This project aims to implement and compare different types of text classifiers on the news text data. A dataset of labeled text will be used to train the model. The evaluation of each method will be done using the test dataset. A comparison between the performance of the classifiers will be delivered.

Steps:

  1. Dataset Collection: A combination of three datasets of news articles will be used:

    • AG's News Topic Classification Dataset [1]:
      Contains 120,000 train samples and 7,600 test samples of news texts, and labeled in 4 categories of World, Sports, Business, Science.
    • COVID-19 News Articles Open Research Dataset [2]:
      Contains more than 5,000 news test items about COVID-19.
    • Covid-19 Public Media Dataset by Anacode [3]:
      Contains over 50,000 text articles about COVID-19, from different online sources. Items of news articles will be selected for this project.
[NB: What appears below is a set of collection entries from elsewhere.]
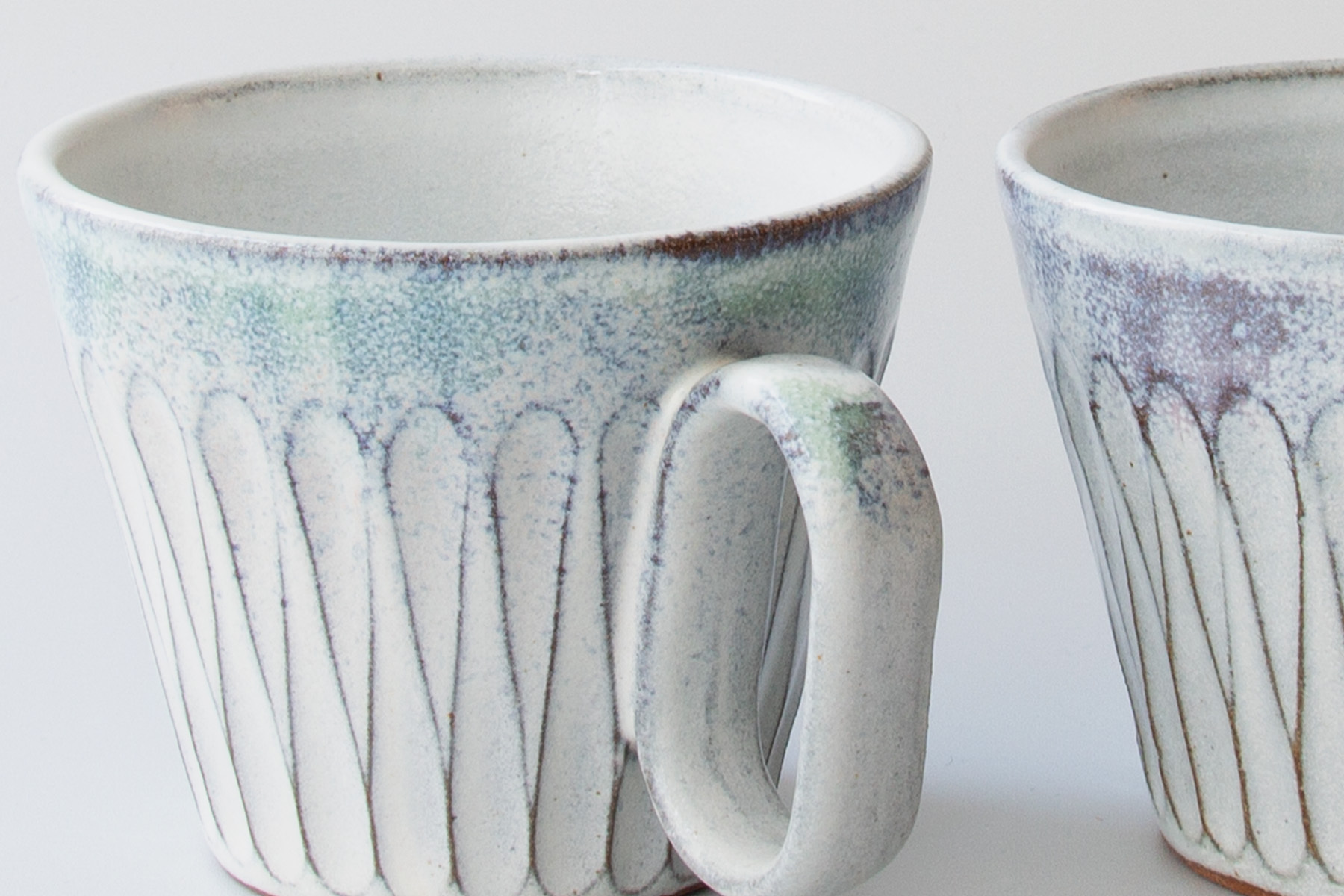 Wired Beansから新しく発売する「生涯を添い遂げるマグ 丹波焼 しのぎ」。丹波焼は、平安時代から鎌倉時代にかけて開窯したといわれ、越前、瀬戸、常滑、信楽、備前とともに日本六古窯の一つに数えられています。今回の新商品である「丹波焼 しのぎ」は、民藝の指導者で陶芸家の河井寛次郎の弟子で戦後の丹波焼の復興に尽くした生田和孝がもたらし新たな丹波焼の伝統技法となった「しのぎ」を、マグの下外側の形状にあわせて一点一点手作業で上下対称に施しています。しのぎが無い部分との表情の違いを表現しながら、マグのベース色にはわら灰のホワイトマット釉を使用。しのぎが無い部分としのぎ部分の稜線部分に表現された色が、ベース色のホワイトマットの柔らかい表情の中で、しのぎの立体的な表情をより強調し、上質さとマグの立体感や存在感を際立てています。
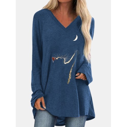 Cat Print Long Sleeves V neck High Low Hem Casual T shirt For Women
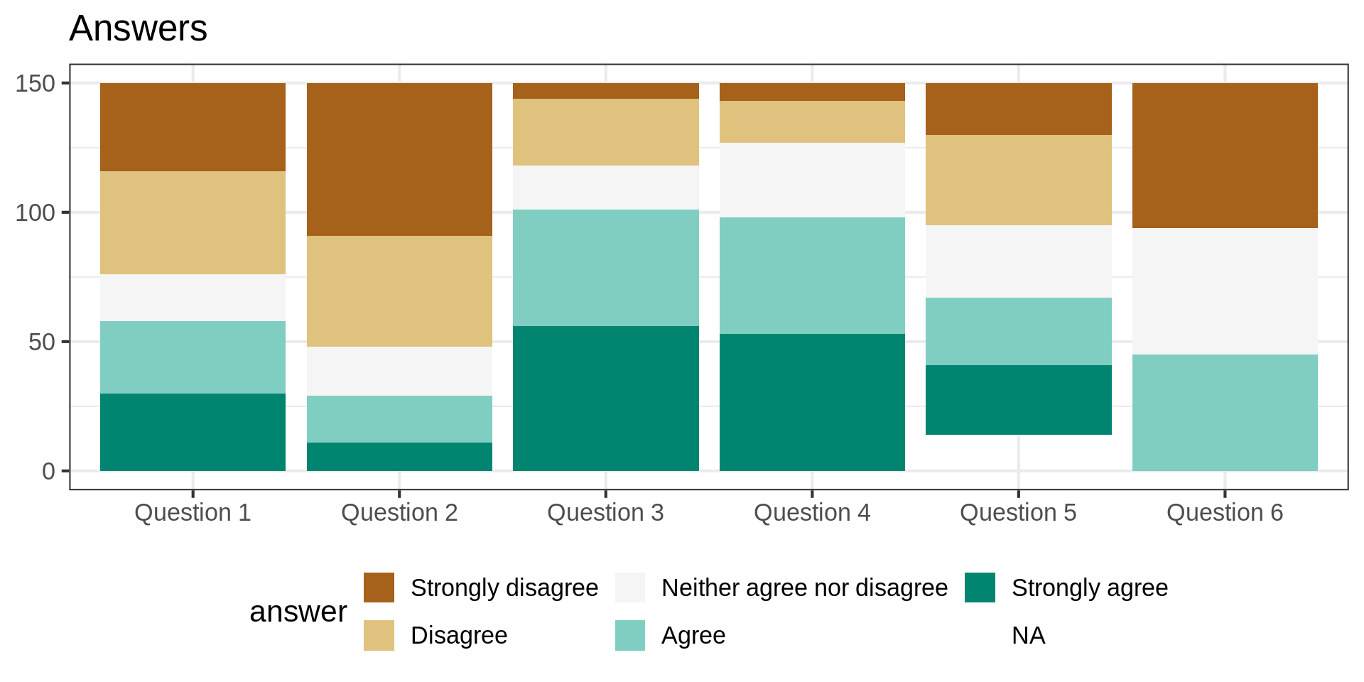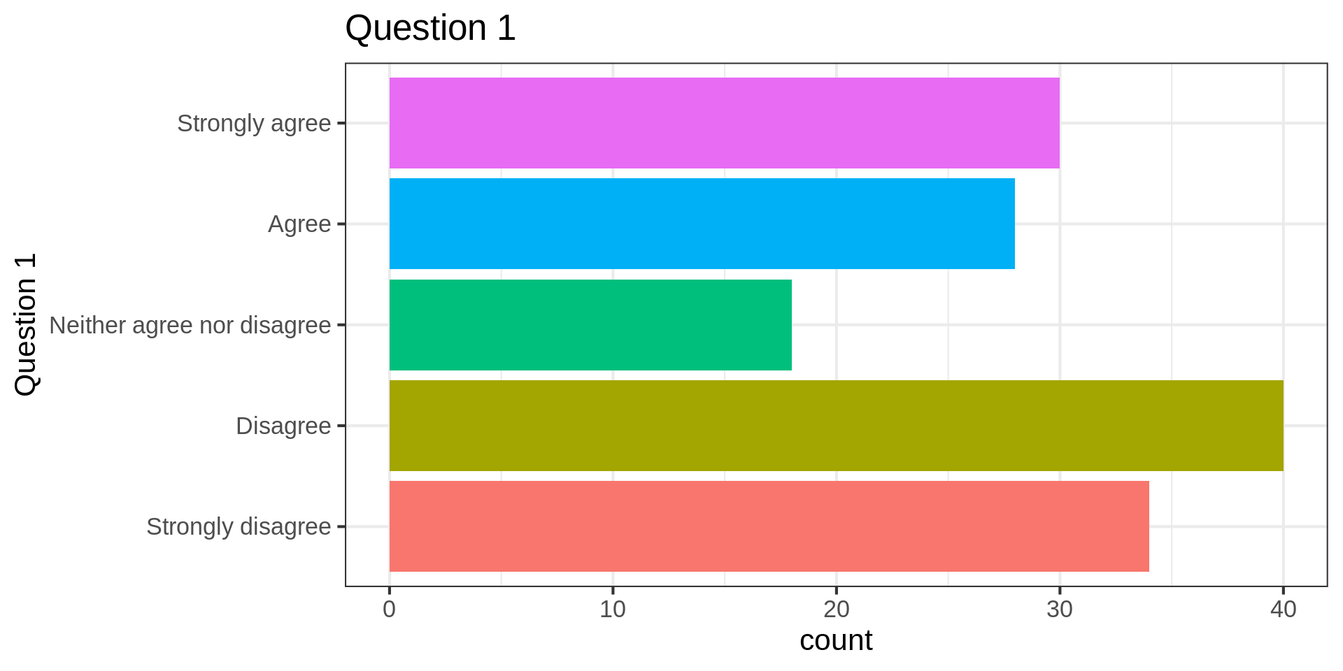 $ `Question 4` <fct> Disagree, Strongly agree, Neither agree nor disagree, Nei…
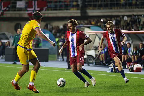 Norway's Antonio Nusa, center, controls the ball alongside teammate David Moller Wolfe, right while Kazakhstan's Marat Bystrov, left, tries to stop them during the UEFA Nations League soccer match between Kazakhstan and Norway at Ortalyk Stadium in Almaty, Kazakhstan.
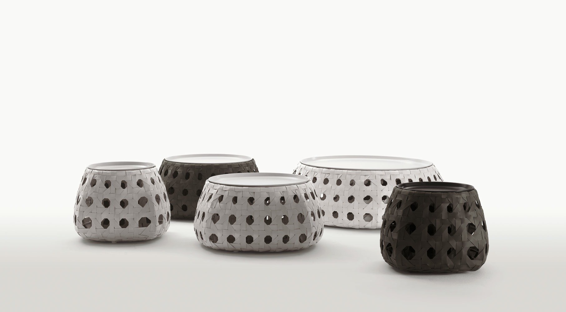 Coffee table, aluminium frame made of polyethylene tapes Canasta, B&B Italia
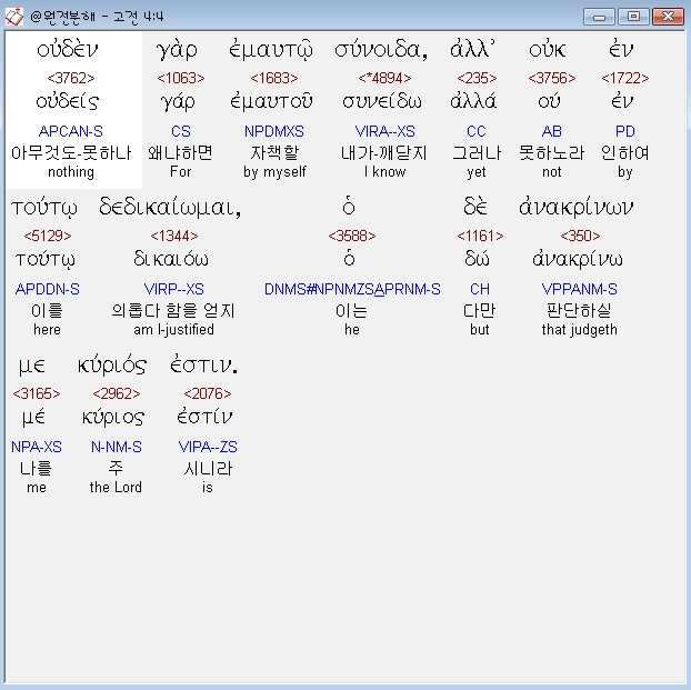 헬라어신약Stephanos,4 ουδεν γαρ εμαυτω συνοιδα αλλ ουκ εν τουτω δεδικαιωμαι ο δε ανακρινων με κυριος εστιν
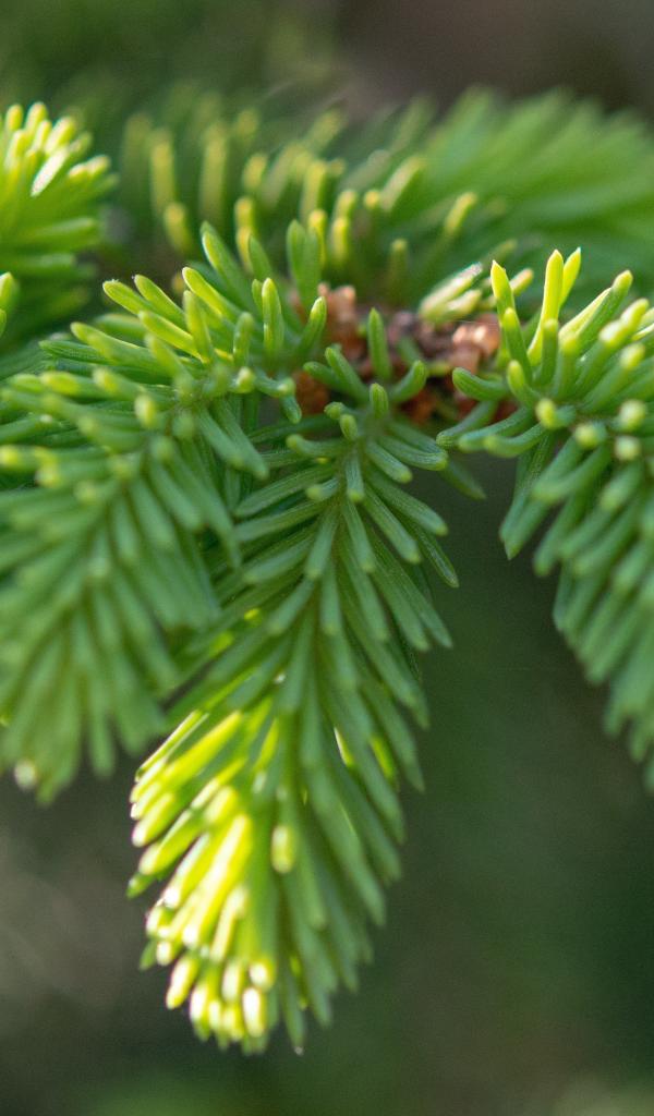 Обои Молодая зеленая ветка ели весной
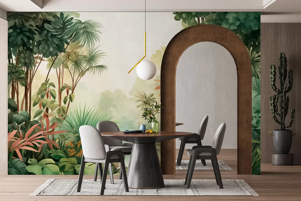 Fototapety Akvarel džungle les, palmy, jezero, zeleň Č. w01784
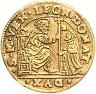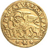 Los-Nummer: Auktion 51 - 3319 Ausländische Münzen und Medaillen Italien-Venedig Leonardo Donà 1606-1612, Ducato d'oro. 2,08 g. Doge kniet vor San Marco / Löwe. Gamberini 594, Friedberg -, Paolucci S. 80, 5. GOLD. Sehr schön Schätzpreis: 300,- Zuschlag: unverkauft |

    The combination of the mentioned dataset will provide a larger dataset with 5 labels: World, Sports, Business, Science, and Corona.

  2. Text pre-processing: The following operations will be done on the text data:

    • Tokenization
    • Punctuation and number removal
    • Stop word removal
    • Convert to lower-case
    • Lemmatization

  1. Text Vectorization: Text data will be converted to vectors. Two different NLP techniques will be applied and the results of each will be compared:
    • TF-IDF
    • Word2Vec

  1. Classification: Different supervised classification techniques will be applied and results will be converted. Besides, some NLP-based techniques will be tried:
    • Naive Bays classifier
    • SVM
    • Neural networks

  1. Evaluation: Results of all different methods will be compared. A benchmark based on the parameters of train/test accuracy, memory usage, and processing time will be delivered.

Follow this guide to execute the files.
Here is the Slide set (subject to copyright)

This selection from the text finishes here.